How to only query on data nodes by elasticsearch-py?

I am using elasticsearch-py, which version is 7.5.1.

I have 3 master nodes and 6 data nodes, master nodes have 2gb heap and data nodes have 30 gb heap.

How can I only query data on my data nodes? I read the source code transport.py in elasticsearch-py, and it will get all nodes by using "/_nodes/_all/http" API.

When query from master nodes, the memory of master nodes will have pressure and i will get circuit_breaking_exception.

How can I query without master nodes? thanks.

Welcome to our community! :smiley:

I don't think the client has the ability to differentiate, it's not explicitly called out in the docs that I could see. Hopefully one of the client team engineers can confirm either way.

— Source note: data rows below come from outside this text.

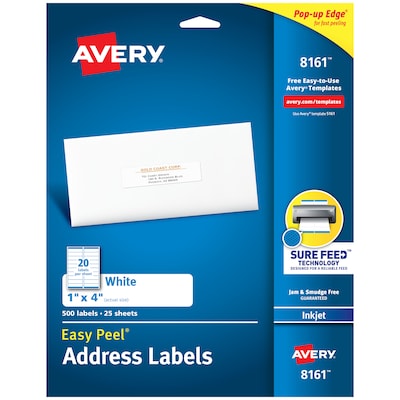 Avery Easy Peel Inkjet Address Labels, 1" x 4", White, 500 Labels/Pack (8161)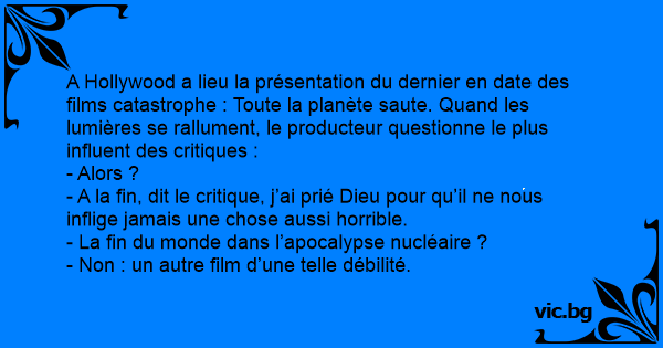 A Hollywood a lieu la présentation du dernier en date des films catastrophe : Toute la planète saute. Quand les lumières se rallument, le producteur questionne le plus influent des critiques :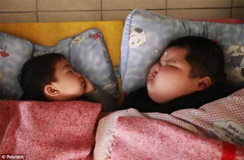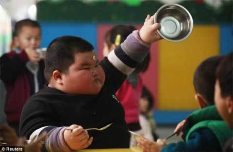 cùng tuổi, có thể ăn ba bát tô cơm vào bữa tối. Bé Lu Hao hiện nặng 60,8kg.
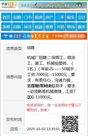 机械厂招聘:二保焊工、喷涂工、普工、机械绘图师、(1名)(年龄25——50周岁,工资:7000元--15000元,要求,有责任心,沟通力强,工作时间9小时。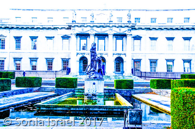 Merrion Square was designed in 1762 and is one of the most intact Georgian Squares in Dublin. It is surrounded on three sides by Georgian redbrick houses with museums and government buildings on the last side. But it is the center of the square which is most beautiful as it is a public park, filled with flowers and statues including one of Oscar Wilde sprawled across a large rock. This sculpture is really in three parts. There is the sculpture of the author himself on a large rock, a pillar with a bronze of

I have got the answer on GitHub, for people who has the same question, you can view this link for more information.

Copying the response here as well;

You can modify how the Transport chooses which nodes to use after a sniff by setting host_info_callback :

def only_data_nodes(node_info, host):
    roles = node_info.get("roles", [])
    return host if ("data" in roles and "master" not in roles) else None

es = Elasticsearch(host_info_callback=only_data_nodes, sniff_on_start=True)

The above will only make requests to nodes which don't have the master role but do have the data role. You can modify it how you see fit. Does that answer you question?

This topic was automatically closed 28 days after the last reply. New replies are no longer allowed.